::: GIVEN ENTRIES

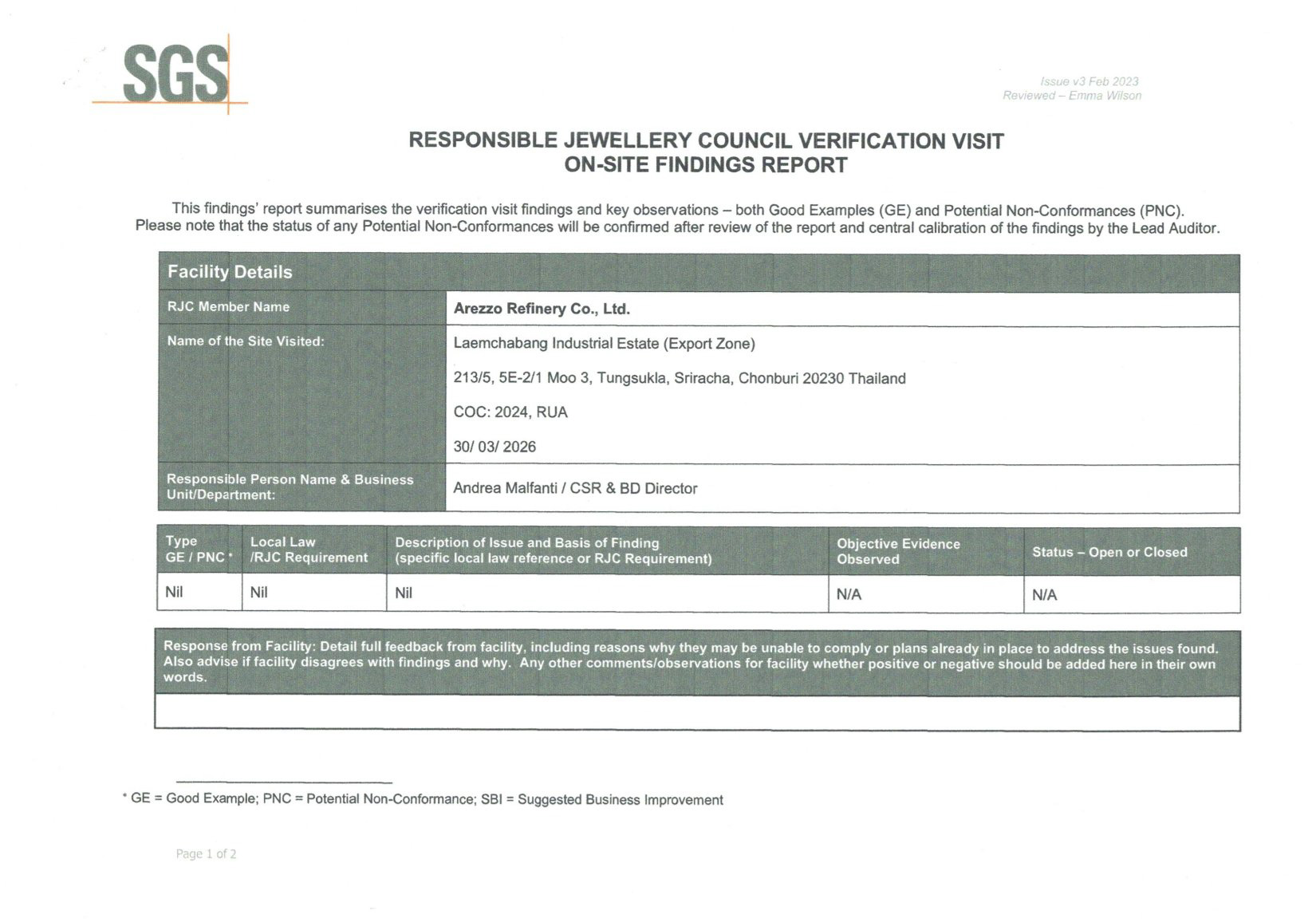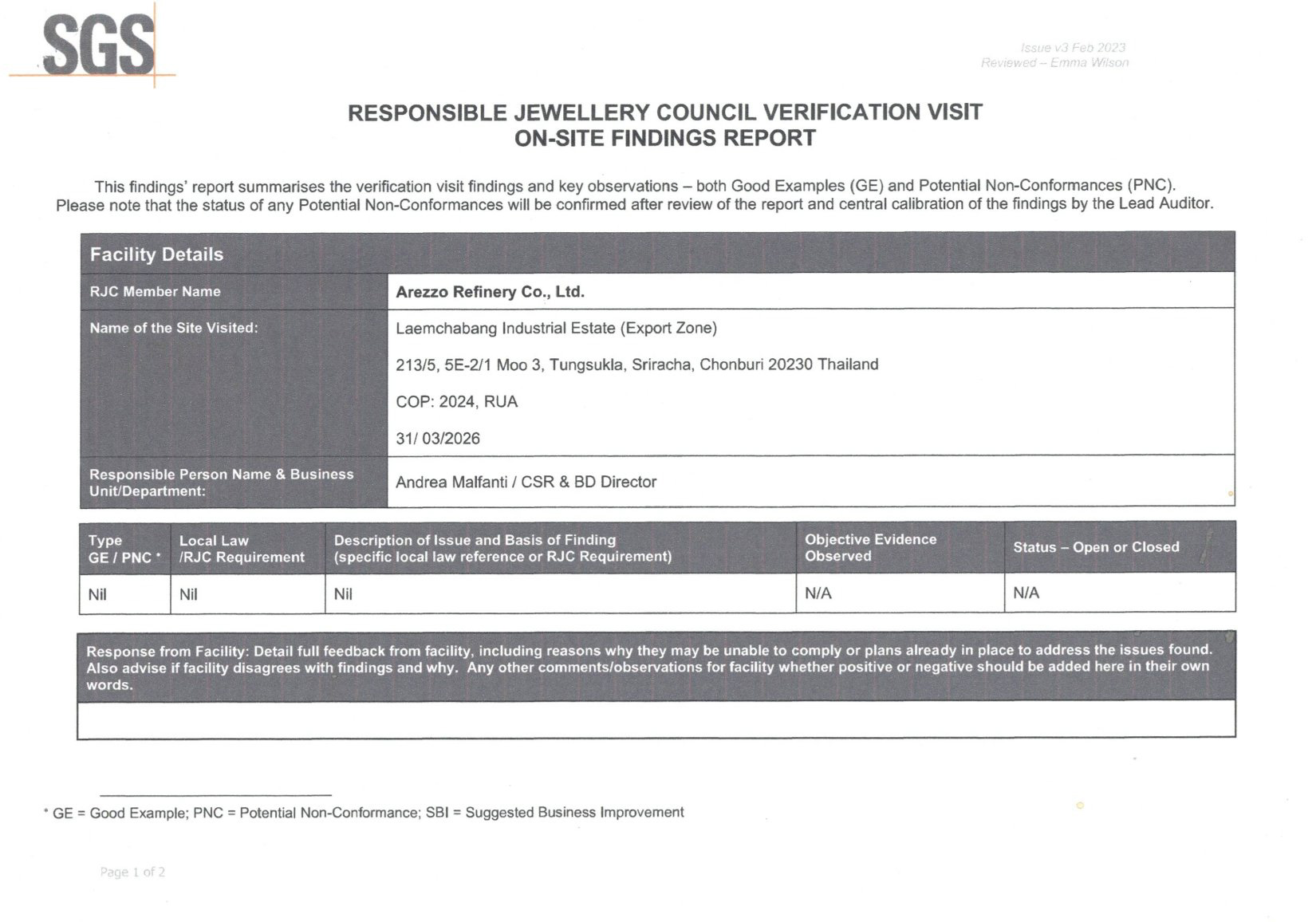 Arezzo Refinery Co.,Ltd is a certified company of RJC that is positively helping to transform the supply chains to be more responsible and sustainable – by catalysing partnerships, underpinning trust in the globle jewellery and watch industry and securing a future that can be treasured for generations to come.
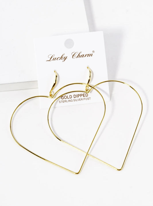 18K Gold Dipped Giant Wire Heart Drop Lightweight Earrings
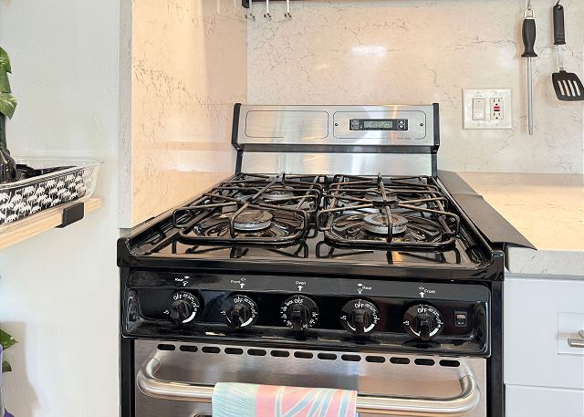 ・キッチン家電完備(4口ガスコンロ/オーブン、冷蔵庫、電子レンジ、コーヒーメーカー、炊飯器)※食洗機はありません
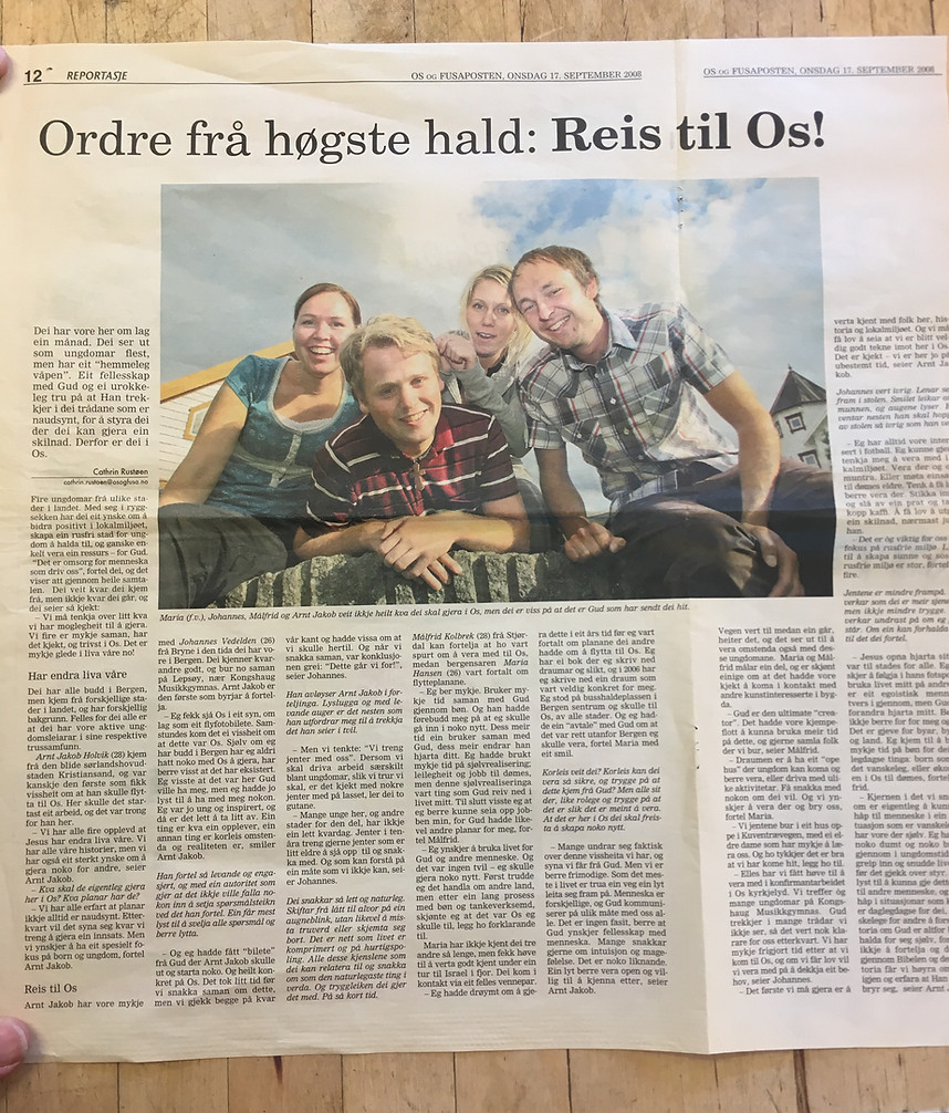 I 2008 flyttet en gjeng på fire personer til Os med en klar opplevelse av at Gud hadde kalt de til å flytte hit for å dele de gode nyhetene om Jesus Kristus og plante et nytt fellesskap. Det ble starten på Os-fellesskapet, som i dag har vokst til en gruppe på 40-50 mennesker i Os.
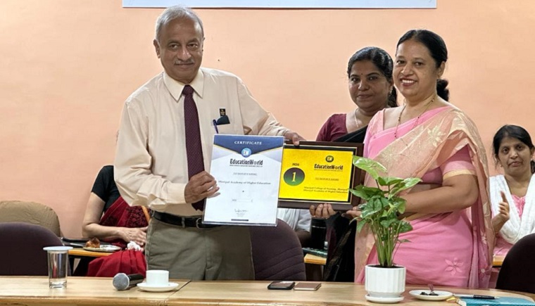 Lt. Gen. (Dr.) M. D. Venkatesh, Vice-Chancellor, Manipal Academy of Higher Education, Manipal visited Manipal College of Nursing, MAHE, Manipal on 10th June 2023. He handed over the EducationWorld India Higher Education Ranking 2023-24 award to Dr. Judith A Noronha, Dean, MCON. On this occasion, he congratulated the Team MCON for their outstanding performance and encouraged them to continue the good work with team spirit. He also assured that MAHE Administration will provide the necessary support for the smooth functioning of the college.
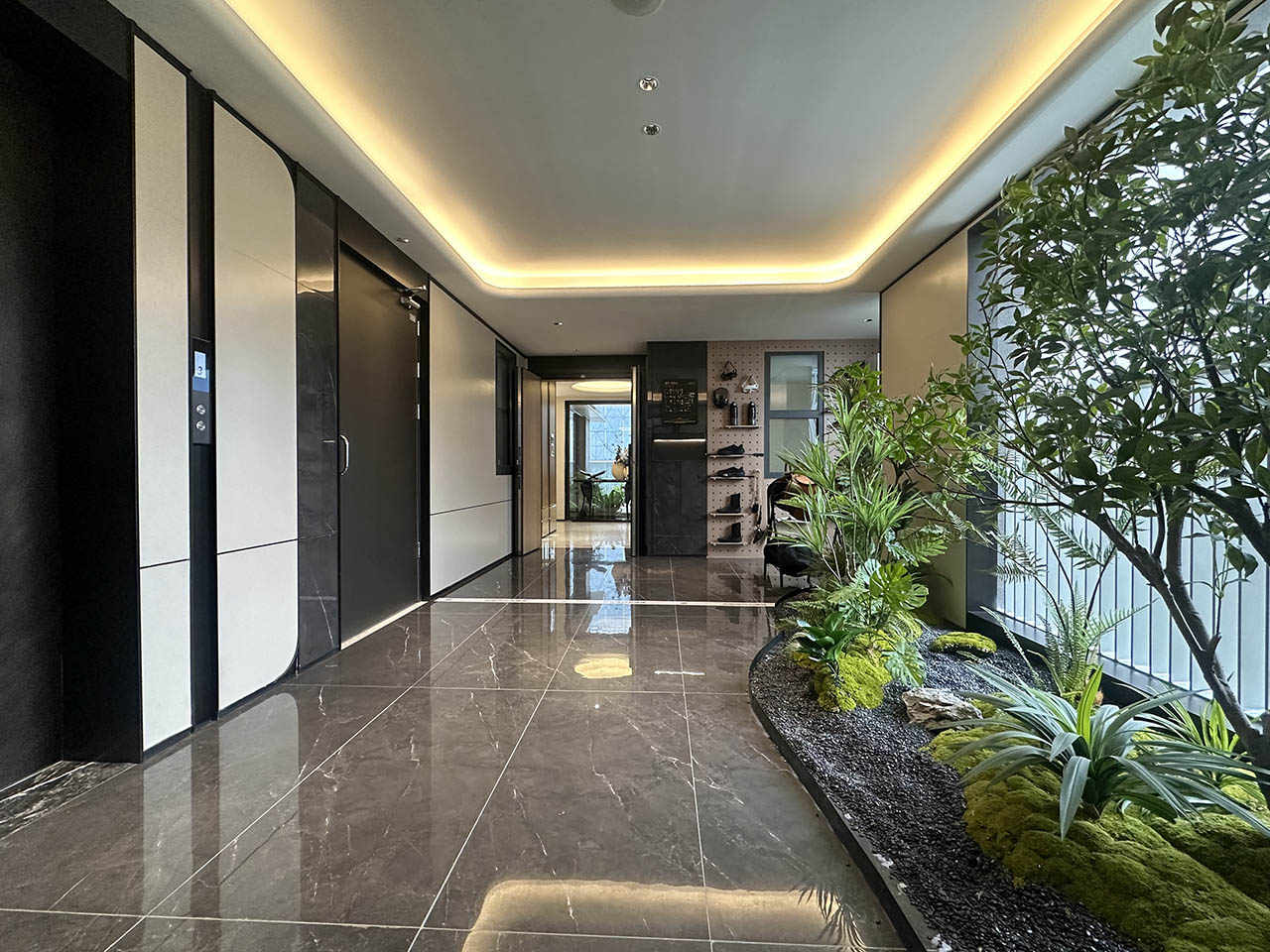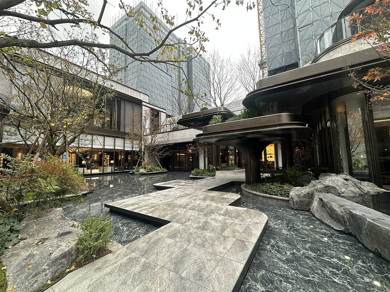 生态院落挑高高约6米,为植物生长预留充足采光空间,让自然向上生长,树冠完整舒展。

::::::

■ **ABOUT THIS EXERCISE**
Could the entries above be retyped exactly, with the pictures left out?

■ **EXERCISE SOLUTION**
 Arezzo Refinery Co.,Ltd is a certified company of RJC that is positively helping to transform the supply chains to be more responsible and sustainable – by catalysing partnerships, underpinning trust in the globle jewellery and watch industry and securing a future that can be treasured for generations to come.
 18K Gold Dipped Giant Wire Heart Drop Lightweight Earrings
 ・キッチン家電完備(4口ガスコンロ/オーブン、冷蔵庫、電子レンジ、コーヒーメーカー、炊飯器)※食洗機はありません
 I 2008 flyttet en gjeng på fire personer til Os med en klar opplevelse av at Gud hadde kalt de til å flytte hit for å dele de gode nyhetene om Jesus Kristus og plante et nytt fellesskap. Det ble starten på Os-fellesskapet, som i dag har vokst til en gruppe på 40-50 mennesker i Os.
 Lt. Gen. (Dr.) M. D. Venkatesh, Vice-Chancellor, Manipal Academy of Higher Education, Manipal visited Manipal College of Nursing, MAHE, Manipal on 10th June 2023. He handed over the EducationWorld India Higher Education Ranking 2023-24 award to Dr. Judith A Noronha, Dean, MCON. On this occasion, he congratulated the Team MCON for their outstanding performance and encouraged them to continue the good work with team spirit. He also assured that MAHE Administration will provide the necessary support for the smooth functioning of the college.
 生态院落挑高高约6米,为植物生长预留充足采光空间,让自然向上生长,树冠完整舒展。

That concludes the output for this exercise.